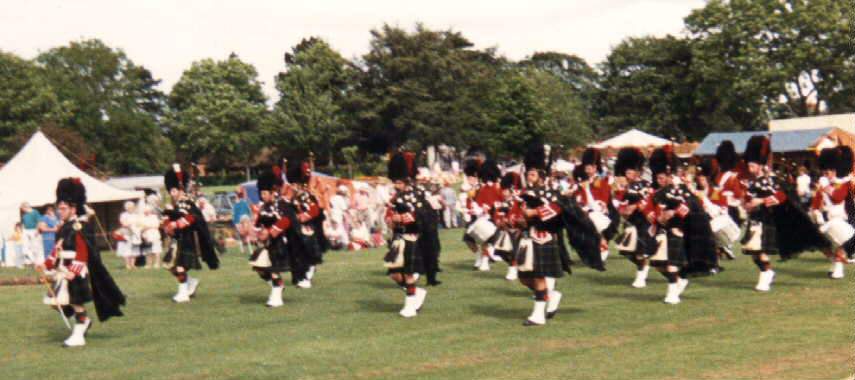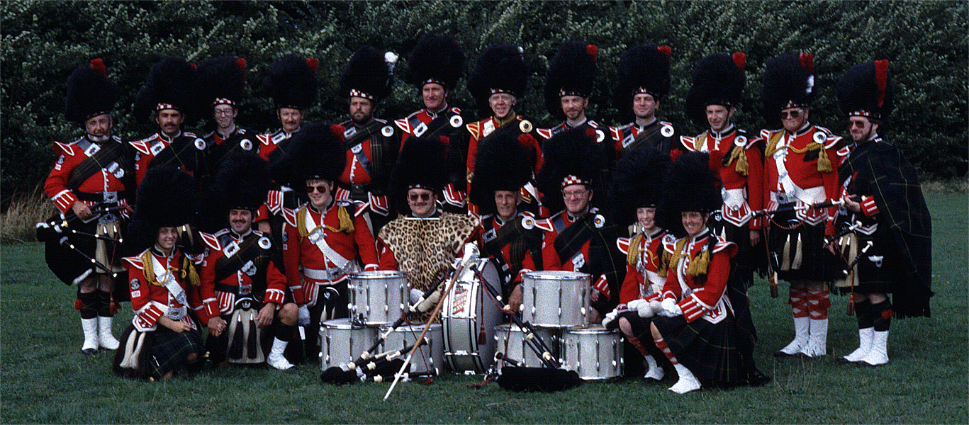 | August 1989. Fete, Tiddington, Stratford-upon-Avon Standing: Pete Taylor, Keith MacKenzie, Gary Mellor, John Henderson Dick, Chris Hughes (Pipe Major), Allan Baxter, Stewart Hunter (Drum Major), Dave Mellor, Kevin Minton, Andy Hill, Jon Hughes (Leading Drummer), Mike Hope Kneeling: Emma Carter, Jimmy Hunter, Paul Webb, Jim Galeford (Bass), Denis Carter, Albert Hope, Joanne Mellor, Pauline Carter 297Kb
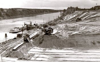 Dank des geringen Tiefgangs von 1,50m konnte die Schiffsladung, die hauptsächlich aus Steinen, Faschinen und Stackpfählen bestand, direkt am schadhaften Ufer gelöscht werden.
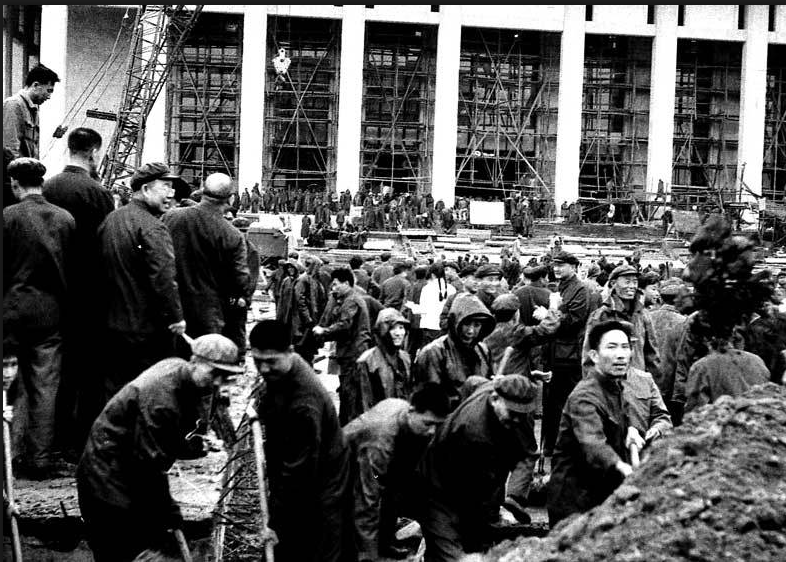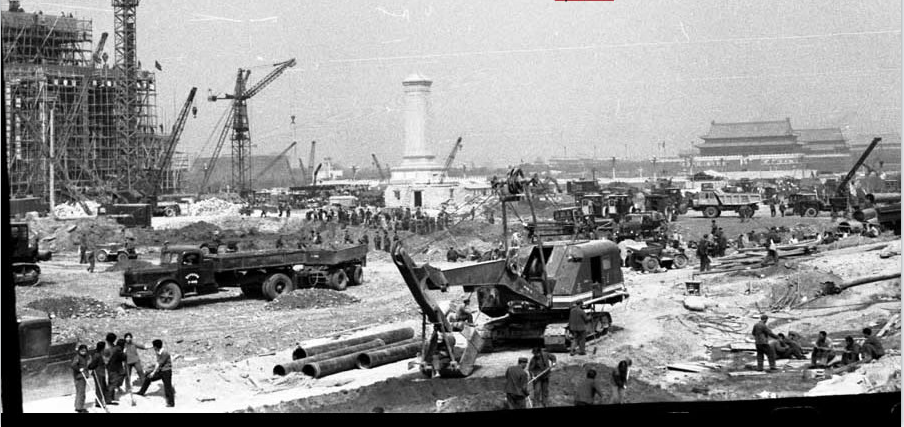 图为毛主席纪念堂施工工地。从照片上我们可以看到,施工现场非常繁忙,有机器、有工人,一派热火朝天的景象。
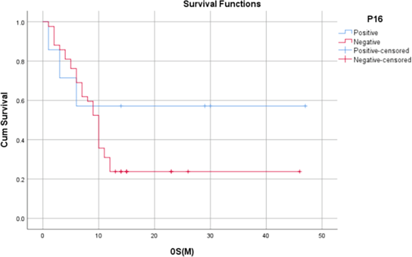 Median OS for p16 positives patients was 14 months (IQR: 3-30 months) and the median OS among p16 negative subjects was 10 months (IQR: 5.75 – 12.25 months). 1-year OS rate was found to be significantly higher in p16-positive patients when compared to the of p16-negative patients (80% vs. 44.1%, p=0.045).
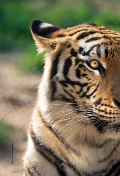«…из органов чувств у тигра лучше всего развит слух. Хотя ушная раковина его сравнительно мала, но он улавливает малейший шум на далёком расстоянии. Во время своих охот, при добывании пищи, он руководствуется почти исключительно слухом, а затем зрением, которое развито менее, но всё же достаточно, чтобы уловить малейшее движение не только днём, но и ночью».
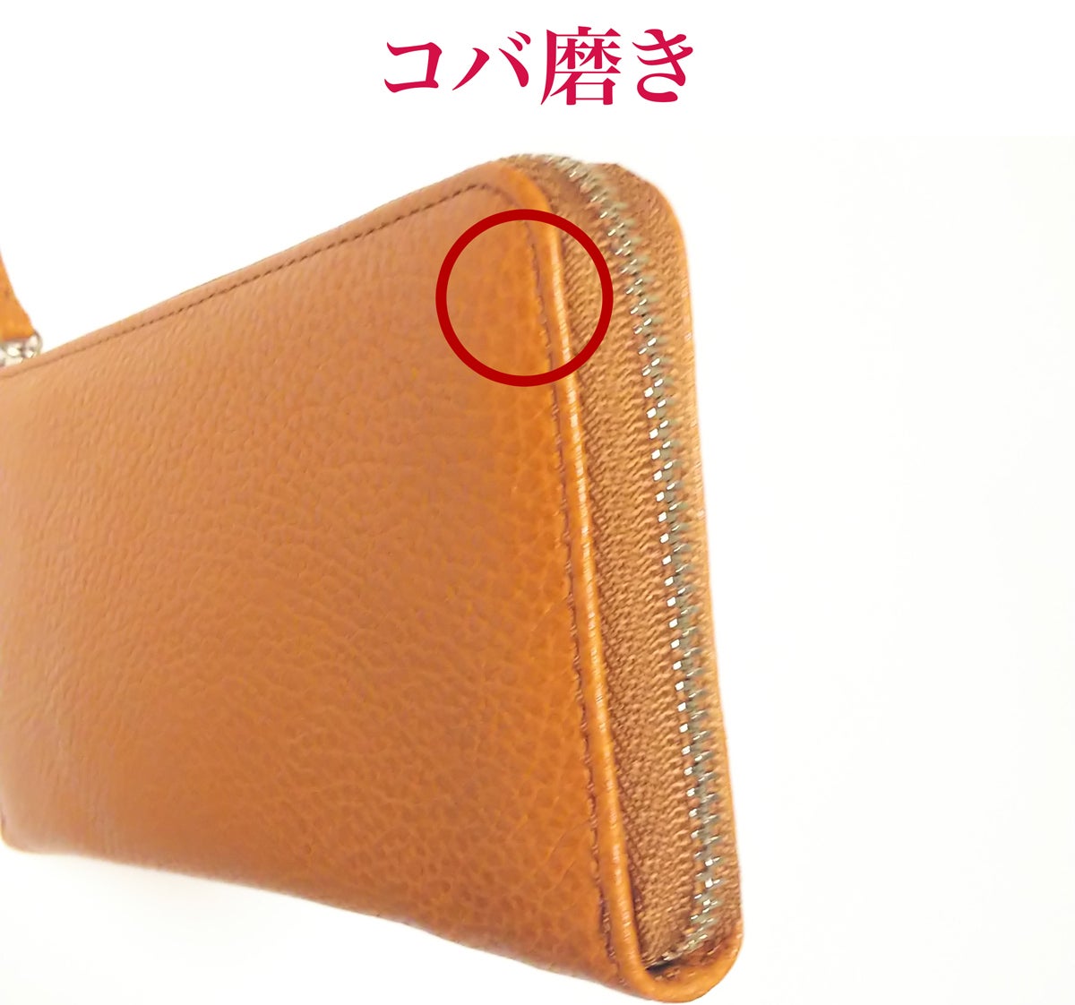 コバ磨き、革の裁断面を均等に整え磨き上げる処理や革そのままだとボロボロになって形も崩れてしまいます。
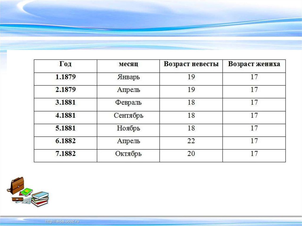 • Всего в Удмуртии конца XIX в. ввозрасте до 17 лет состояло в браке,

——————

**WHAT YOU HAVE TO DO**
Skipping any images, write out all the data exactly.

**ANSWER SPACE**
 | August 1989. Fete, Tiddington, Stratford-upon-Avon Standing: Pete Taylor, Keith MacKenzie, Gary Mellor, John Henderson Dick, Chris Hughes (Pipe Major), Allan Baxter, Stewart Hunter (Drum Major), Dave Mellor, Kevin Minton, Andy Hill, Jon Hughes (Leading Drummer), Mike Hope Kneeling: Emma Carter, Jimmy Hunter, Paul Webb, Jim Galeford (Bass), Denis Carter, Albert Hope, Joanne Mellor, Pauline Carter 297Kb
 Dank des geringen Tiefgangs von 1,50m konnte die Schiffsladung, die hauptsächlich aus Steinen, Faschinen und Stackpfählen bestand, direkt am schadhaften Ufer gelöscht werden.
 图为毛主席纪念堂施工工地。从照片上我们可以看到,施工现场非常繁忙,有机器、有工人,一派热火朝天的景象。
 Median OS for p16 positives patients was 14 months (IQR: 3-30 months) and the median OS among p16 negative subjects was 10 months (IQR: 5.75 – 12.25 months). 1-year OS rate was found to be significantly higher in p16-positive patients when compared to the of p16-negative patients (80% vs. 44.1%, p=0.045).
«…из органов чувств у тигра лучше всего развит слух. Хотя ушная раковина его сравнительно мала, но он улавливает малейший шум на далёком расстоянии. Во время своих охот, при добывании пищи, он руководствуется почти исключительно слухом, а затем зрением, которое развито менее, но всё же достаточно, чтобы уловить малейшее движение не только днём, но и ночью».
 コバ磨き、革の裁断面を均等に整え磨き上げる処理や革そのままだとボロボロになって形も崩れてしまいます。
 • Всего в Удмуртии конца XIX в. ввозрасте до 17 лет состояло в браке,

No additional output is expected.